I don't know how to solve this equation system to figure out x1,x2,x3 and eigenvector. Please help me!
An nXn matrix always has n eigenvalues. But some of them may be repeated. What are your three eigenvalues?

5. ## Re: Find eigenvalues and eigenvectors of matrices

There are, as I am sure you know, to solve three equations in three variables. Here, an obvious solution is $x_1= x_2= x_3= 0$. Since you used an eigenvalue to get them, there must be another, in fact, infinitely many, non-zero ("non-trivial") solutions.
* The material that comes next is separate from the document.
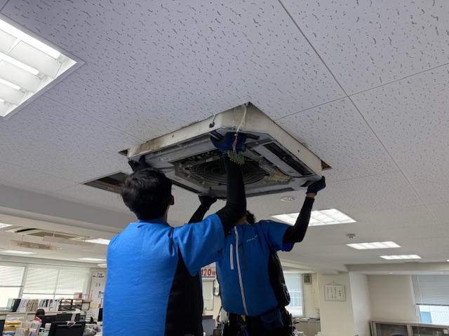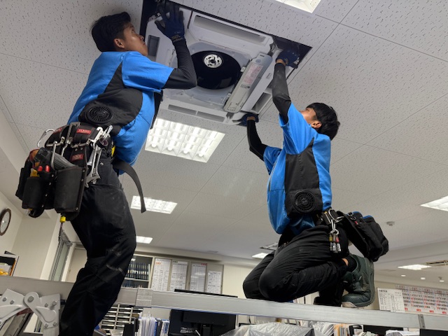 今回の工事は、オフィスで働く方々がいらっしゃる場所でのエアコン取替作業でした。お客様の業務に支障が出ないよう、作業時間帯や工事方法について事前にお客様と打ち合わせをさせていただき、スムーズな施工を心がけました。

Here, you can immediately see that the third equation is just 2 times the first. And the second equation is -1 times the third. That is, we really only have one equation here. From the first equation, $x_1- 2x_2+ 2x_3= 0$ we can solve for x_1= 2x_2- 2x_3. Then any eigenvector can be written in the form [tex]<x_1, x_2, x_3>= <2x_2- 2x_3, x_2, x_3>= <2x_2, x_2, 0>+ <-2x_3, 0, x_3>= x_2<2, 1, 0>+ x_3<2, 0, 1>. That is, this "eigenspace" the space of all eigenvectors corresponding to eigenvalue -3 is two-dimensional and is spanned by <2, 1, 0> and <2, 0, 1>.